Tim Armstrong, CEO of AOL.
Melody Hahm | CNBC
Tim Armstrong, CEO of AOL.

Just last week, Yahoo disclosed —ttwo years after the fact —that it had suffered a massive data breach that exposed the information of at least 500 million users.

Coming as it did the heels of Verizon 's agreement to purchase the company in a nearly $5 billion deal, AOL CEO Tim Armstrong found himself put on the spot as Yahoo faces growing questions about how it handled the affair.

Last week, Armstrong appeared on CNBC's "Squawk Box", but sidestepped questions about Yahoo's handling of its data security problems. He discussed other issues affecting the Internet marketplace.

CNBC's Andrew Ross Sorkin: It is advertising week, the event bringing together leaders from the marketing and entertainment industry to talk about the latest innovations in ad technology.

Joining us right now is Tim Armstrong, CEO of AOL, who will be speaking at the event, also, CNBC's Julia Boorstin is also here. It's great to have both of you here. We can talk advertising...but I do need to just talk about the security breach with Yahoo for a second, given that you're in the middle of this transaction. There are lots of questions about the breach but also perhaps the implications for this particular deal closing. Will it close?

Armstrong: So, let's start with what the situation is, and maybe answer some more questions. The situation right now is we have the integration work going on, which is the deal that we signed with Yahoo. The data issue we found out about last week, so I would separate the two areas into: We are working with Yahoo right now to really get into the data situation, to figure out what it is; and we are at a very early stage on that right now, so I'm not going to have a lot of answers for you.

Quick: The New York Post says this morning that Verizon is ticked off that they just found out about it so late. Are you guys upset?

Armstrong: Yeah, I think what we are doing right now is just calmly and methodically going through the situation and looking at it, and since we just found out last week, I think it's very, very early stage. So I think we will basically work with Yahoo on it and see what the implications are. And then secondly, we have very close working relationships with the whole Yahoo team, in terms of the overall deal, and the integration work that's happening so that's going very well. I think the data thing was something new that got introduced and we will work through that together with them. Really Verizon shareholders, on our end of things, we really want to be protective of..the consumers [and] the consumer trust. That's what we are focused on.

Sorkin: But do you anticipate potentially seeking to renegotiate the transaction, depending on how deep the security breach is?

Armstrong: I wouldn't comment on that right now, because it's so early on overall, so I think that if we were further on in this process and we had something to say about it, or had more information, we might be able to comment. But we are early in this, so I think it's probably too early to speculate or comment.

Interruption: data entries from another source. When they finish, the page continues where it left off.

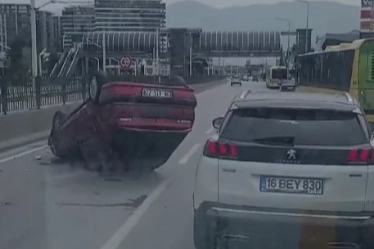 Olay Osmangazi ilçesindeki İstanbul Caddesi'nde meydana geldi. Kent Meydanı istikametinde meydana gelen kazada 16 ATC 778 plakalı araç takla atarak ters döndü.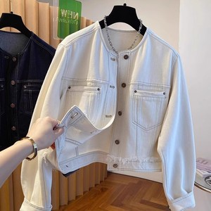 圆领牛仔外套女短款2025春装新款宽松休闲百搭通勤明线小个子上衣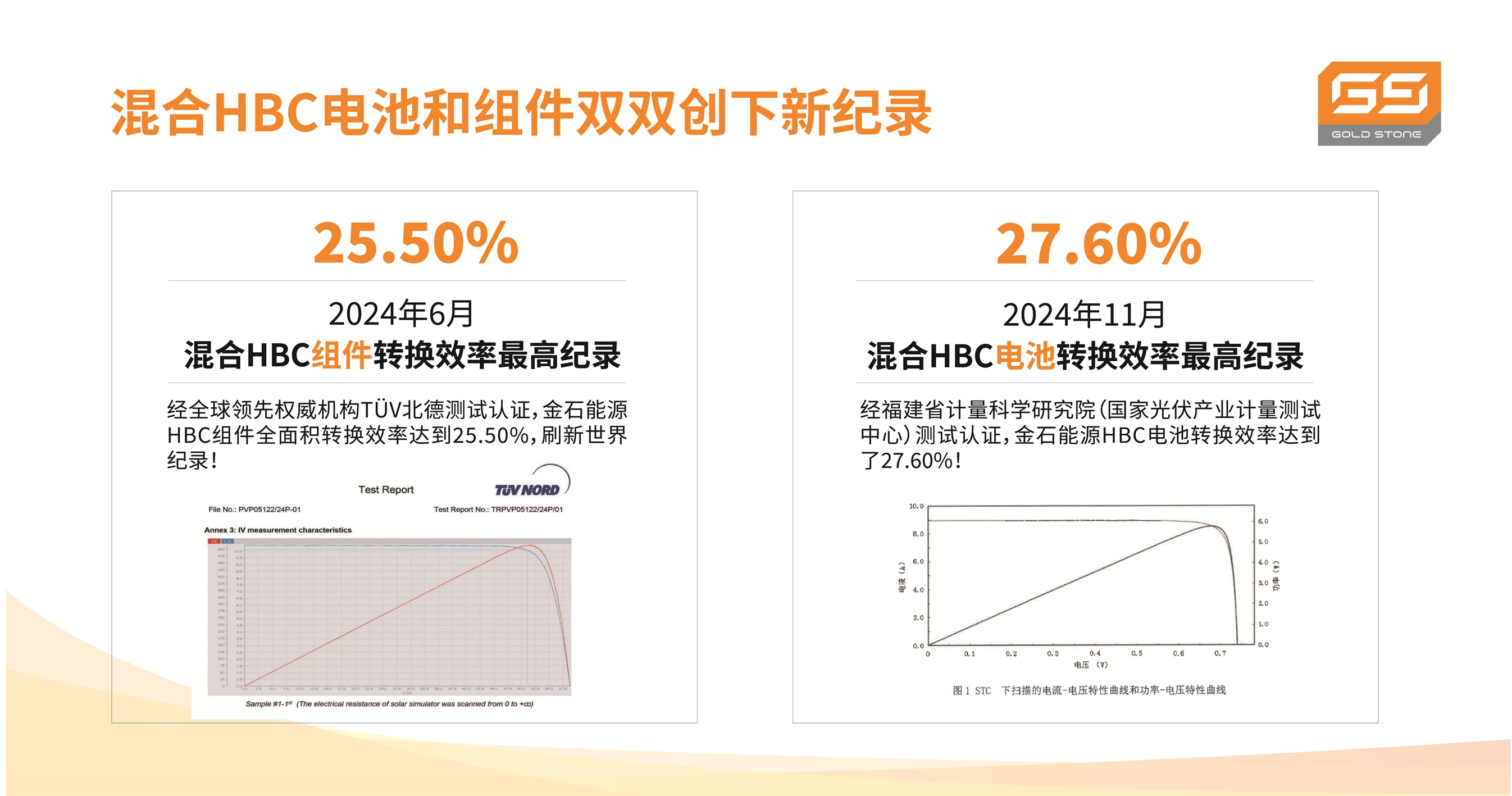 2024年11月,经福建省计量科学研究院(国家光伏产业计量测试中心)测试认证,金石能源混合HBC电池转换效率达到了27.6%!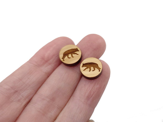 Wolf Silhouette Round Wood Cabochon Stud Earring Blanks

CNBC's Julia Boorstin: Earlier today we were reporting on the news that Facebook overstated the amount of time people were watching videos on the platform. What does this mean for AOL? Is this an opportunity?

Armstrong: First of all, I think it points out how important video is. If you look at all the announcements coming out for Advertising Week, video is incredibly important. For us, our strategy, we're making an announcement this week that we are partnering with American Family Insurance to do 360 videos on HuffPost that are deep engagement videos that will basically highlight the stories of individual consumers using 360 video, and I think when you look at basically what Facebook is doing with video, which is, they are using a platform for what it is, they're getting video in front of as many consumers as possible, and that's a super important strategy for them.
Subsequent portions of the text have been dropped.